Baskın ORAN
Şu sırada AKP Gn. Bşk. ve CB Erdoğan’ın 2 acil ve önemli meselesi var: Suriyeli mülteciler ve “Fırat’ın Doğusu’nu işgal. Bunlar birbirine göbek bağıyla bağlı. Sırayla alalım.
***
Muhalefet “Suriyelileri sınırdışı etmek insanlığa sığmaz” mealinde pankart açarken, Erdoğan’ın kendi partilileri bütün yurtta ve özellikle de İstanbul’da “Gönderin şu Suriyelileri!” isyanında.
Bunun önemi şurada ki, AKP’nin çifte dikiş kaybettiği İstanbul’dan bahsediyoruz. Cumhuriyet’ten dışarı ve kodesten içeri atılmış Kadri Gürsel yazıyor:
Kentte “geçici koruma” diye kayıtlı 479.000 Suriyeli mültecilerin yüzde 73’ü AKP’li ilçe belediyelerinde yaşamakta. Kamuoyu araştırmalarına göre “Suriyelilerle aynı mahallede yaşayabilirim” demişlerin oranı % 57’den % 31’e, “Aynı apartmanda komşu ya da arkadaş olabilirim” demişlerinki ise % 41’den % 21’e gerilemiş.
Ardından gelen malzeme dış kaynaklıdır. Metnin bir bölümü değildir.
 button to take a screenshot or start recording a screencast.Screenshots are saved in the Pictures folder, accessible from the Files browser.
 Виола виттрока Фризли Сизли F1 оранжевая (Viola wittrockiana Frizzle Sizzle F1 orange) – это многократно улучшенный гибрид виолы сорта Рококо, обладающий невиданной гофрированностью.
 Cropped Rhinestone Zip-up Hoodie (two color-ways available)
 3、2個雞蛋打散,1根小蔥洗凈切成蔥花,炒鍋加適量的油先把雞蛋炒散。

Böyle olmasaydı, AKP bu insanları blok halinde vatandaş yapıp oy deposu olarak kullanmak niyetindeydi. Nitekim S. Soylu’dan öğreniyoruz, 92.280 Suriyeliye kaşla göz arasında vatandaşlık verilmiş.
İkinci mesele, yani “Fırat’ın Doğusu’nu işgal” niyeti insan hayatını daha direkt ilgilendiren bir sorun. Çünkü, aşağıda geleceğiz, öldürmek ve ölmekle ilgili.
***
İkisini birlikte düşününce akla ilk gelen: Ağacı kesersin, altında kalırsın. Veya, “Etme-Bulma Dünyası”.
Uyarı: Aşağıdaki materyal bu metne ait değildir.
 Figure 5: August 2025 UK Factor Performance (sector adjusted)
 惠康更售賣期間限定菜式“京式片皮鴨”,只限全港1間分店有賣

Çünkü Suriye’deki kaosu Erdoğan başlatmadı ama, başlamasına ve hele de bugünkü felakete dönüşmesine büyük katkı yaptı. Daha önce de kaç kere yazdım, kısaca hatırlatayım:
Tunus’ta çıkan “Arap Baharı” (yani şeriatçı Müslüman Kardeşler isyanları) Libya ve Mısır’ı devirip 2011’de Suriye’ye ulaştığında, Başbakan Erdoğan büyük umuda kapılmıştı: Türkiye sınırına kavuşacak bir Sünni Müslüman kuşağının lideri olmak.
Esad, Müslüman Kardeşler’e pabuç bırakmadı. Ve sonuçta Erdoğan’ın bu büyük arzusunu engellemiş oldu.
“Bırakmam onu öyle!” cümlesiyle akıllarda yer etmiş CB Erdoğan, Esad’ı bundan sonra artık hiç bağışlamadı. Bağımsız Suriye topraklarına bizzat silahlı kuvvetlerle girmeden önce, Şam’ı düşürmeye soyunan şeriatçıları desteklemeye koyuldu.
***
Şimdiki S-400 olayı da bunun devamı oldu. Şöyle ki:
CB Erdoğan Suriye’ye dalgalar halinde asker sokup karakol kurma yöntemiyle yerleşmenin gerekçesini, oradan taciz atışları gibi tehditler geldiğiyle izah ediyordu.
Oysa 2011’den bu yana Suriye’den Türkiye’ye yapılan tek atış, bu 22 Temmuz’da Ceylanpınar’da tek katlı bir evin çatısını delerek içindekileri yaralayan bir roket idi. Bunun bir provokasyon olduğu da, IŞİD'e karşı mücadele için Kürt, Arap, Süryani, Ermeni ve Türkmenlerden oluşmuş Demokratik Suriye Güçleri (DSG) tarafından derhal açıklanmış, ilgili olarak bir kişinin tutuklandığı bildirilmişti.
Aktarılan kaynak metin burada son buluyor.